Aurochs, Horses, and Rhinoceroses

The New York Times featured a great article, “The Dance of Evolution, or How Art Got Its Start” by Natalie Angier (what a great name), yesterday about the evolutionary origins of art and the contention that to be human is to be an artist.

Here’s a snippet:

Art, [Ellen Dissanayake] and others have proposed, did not arise to spotlight the few, but rather to summon the many to come join the parade — a proposal not surprisingly shared by our hora teacher, Steven Brown of Simon Fraser University. Through singing, dancing, painting, telling fables of neurotic mobsters who visit psychiatrists, and otherwise engaging in what Ms.
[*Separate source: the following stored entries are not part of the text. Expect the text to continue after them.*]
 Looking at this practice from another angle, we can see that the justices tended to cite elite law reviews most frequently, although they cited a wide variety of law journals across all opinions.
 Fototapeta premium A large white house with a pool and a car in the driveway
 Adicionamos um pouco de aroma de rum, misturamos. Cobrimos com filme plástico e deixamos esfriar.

Dissanayake calls “artifying,” people can be quickly and ebulliently drawn together, and even strangers persuaded to treat one another as kin. Through the harmonic magic of art, the relative weakness of the individual can be traded up for the strength of the hive, cohered into a social unit ready to take on the world.

2 Responses to “The Dance of Evolution, or How Art Got Its Start”
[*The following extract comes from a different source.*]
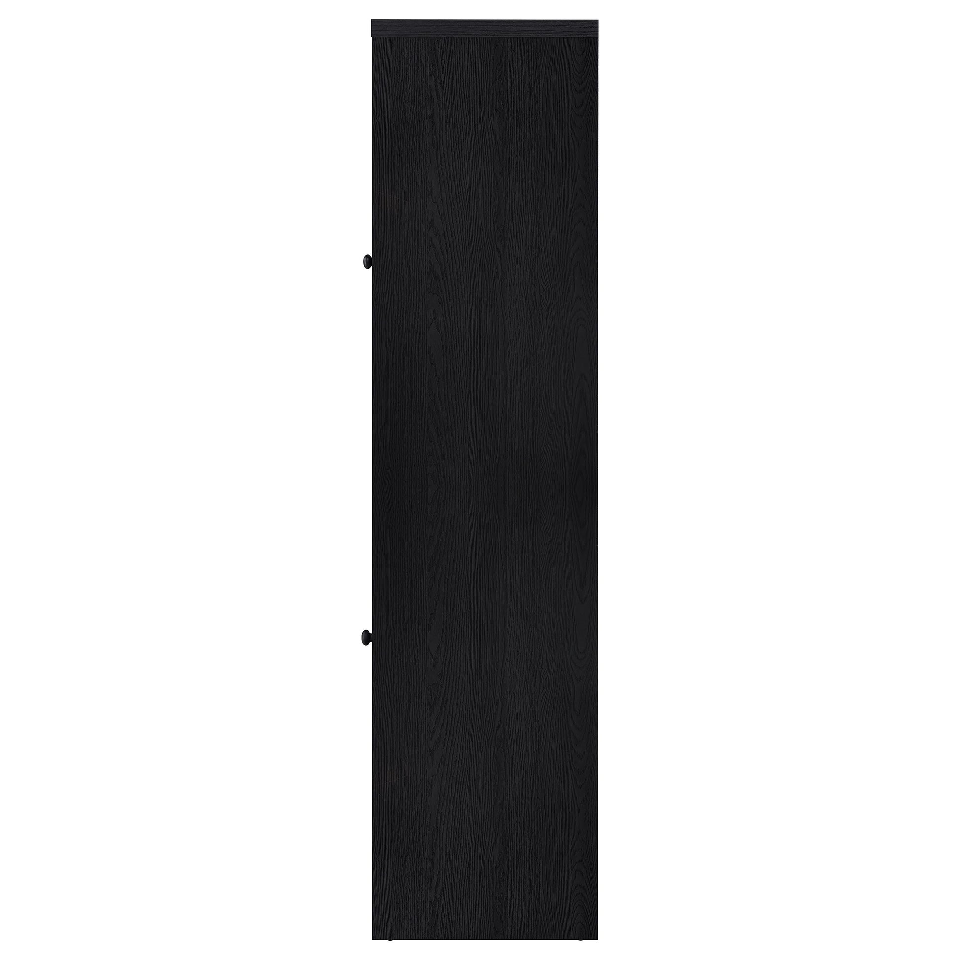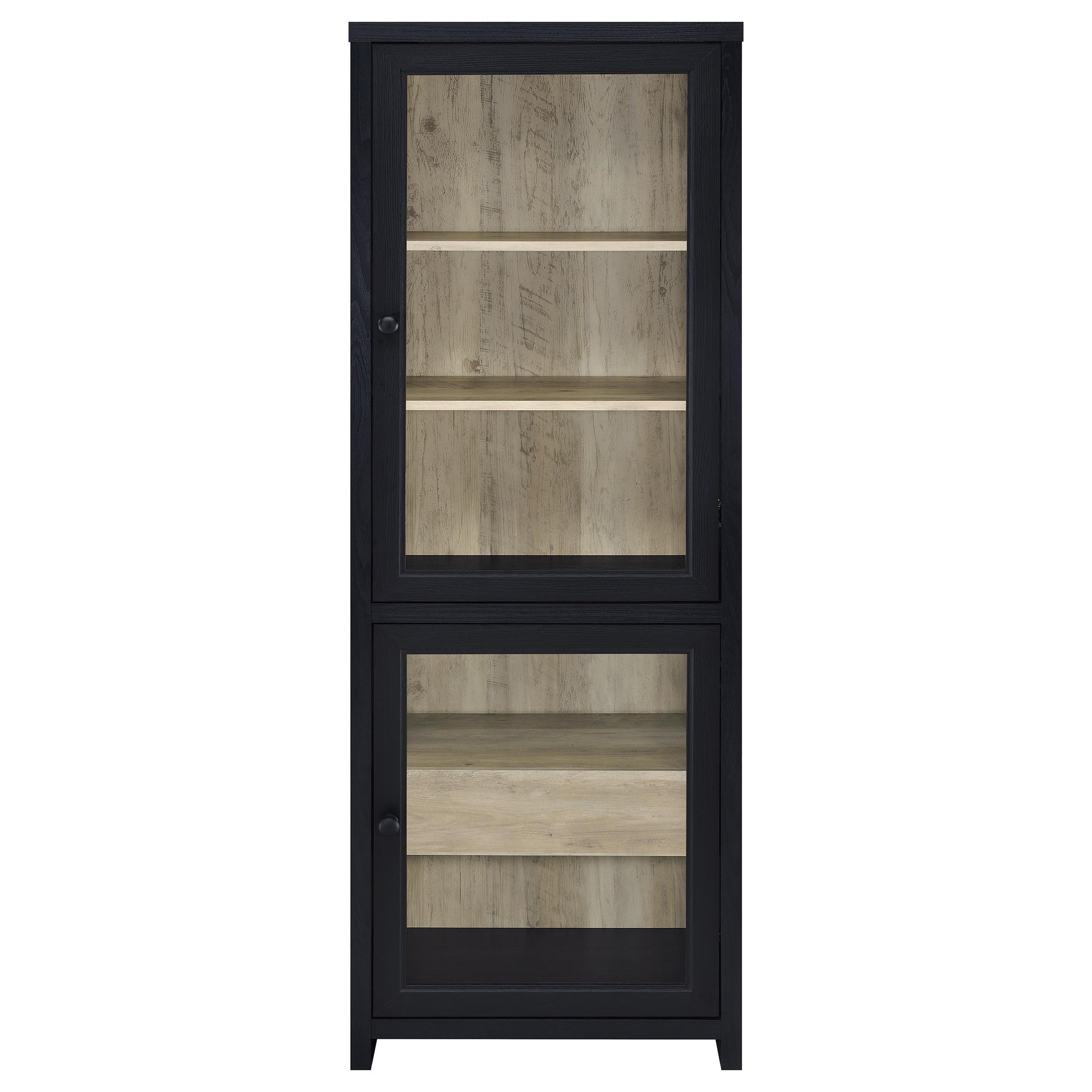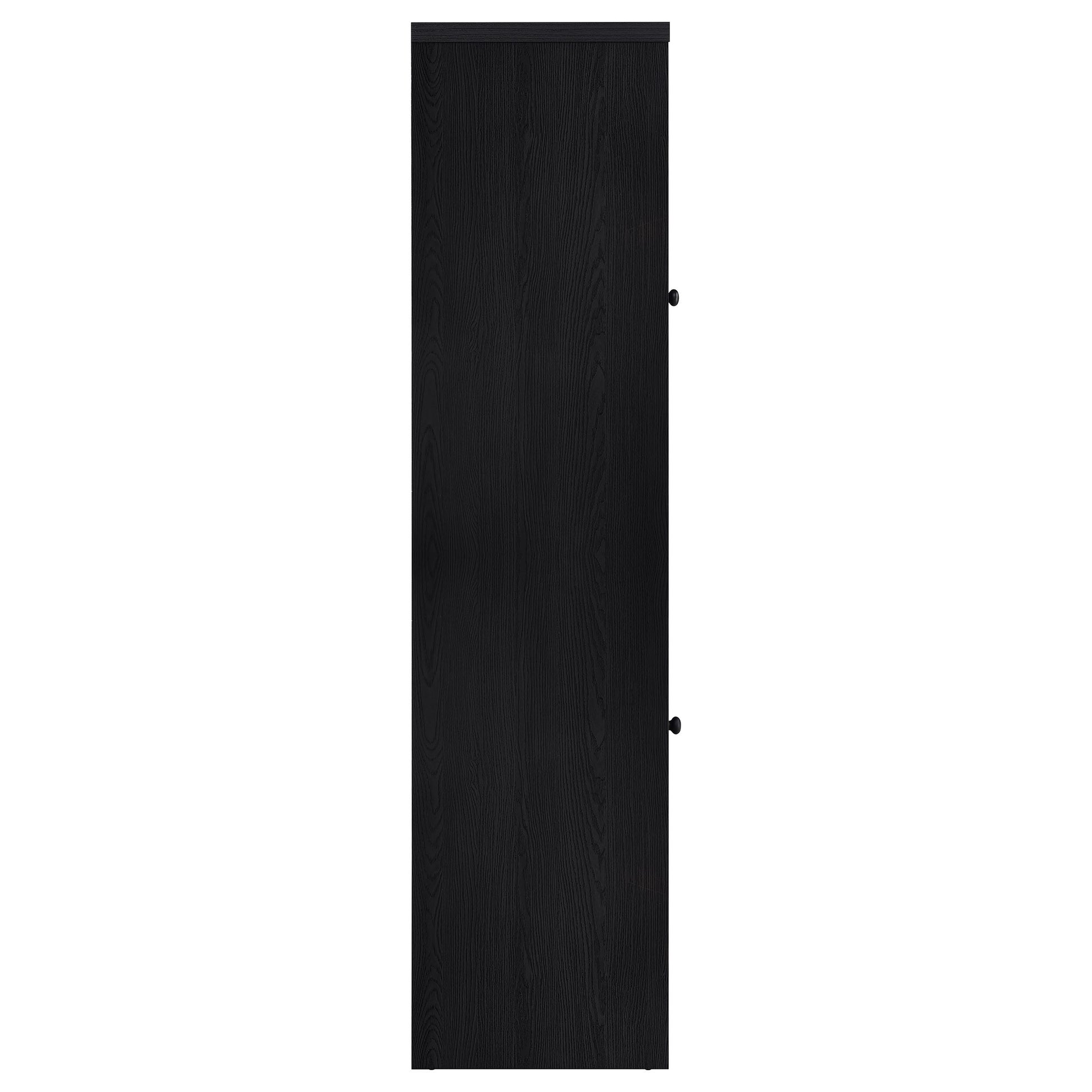Elevate your space with a media tower that blends quiet elegance and thoughtful design. Wrapped in a bold black finish, this two-door cabinet reveals a rich interior contrast and graceful utility. Framed glass doors showcase your favorite pieces above, while a hidden drawer below offers a secret haven for everyday essentials. Whether you're curating a display or storing away the everyday, this tall, slender silhouette adds a refined presence to any corner it inhabits.

  1. Good article. I don’t think I fully agree that the interaction between mother and child doubles as breeding ground for art- but many studies show the correlation between that and intelligence. That by stimulating the brain at a young age with color, shape and sounds, it is more inclined (subconsciously) to take in more information. An interest for accounting is just as likely to develop as one for art- that’s dependent on the person.

    But I will say this- which I understand is somewhat contradictory to what I just argued- my mother did play a part in my love for design by happenstance. When she’s on the phone with someone for an extended period of time, she always takes out a pad of paper and begins to write her name or words from the conversation down and trace over them (and over them, and over them) until you’re left with BEAUTIFUL cursive signatures. She did this without thinking, a way to keep her hands busy and it helped that her penmanship was great.

    So now that I’m an adult working as a designer, I have an affinity towards typography. And when people ask me about where I get it from, I do think back to my mother’s marathon phone calls and ‘works of art’ it produced.

    You can say I get my love for interiors and architecture from my mother too, but I chalk that up to being gay. Thanks evolution!

  2. I practice my penmanship when I’m bored too. People at work find it rather strange and fascinating that I’ll cover entire sheets of paper with the same word or a sentence. It’s something idle to do to occupy my mind during long stretches of boredom.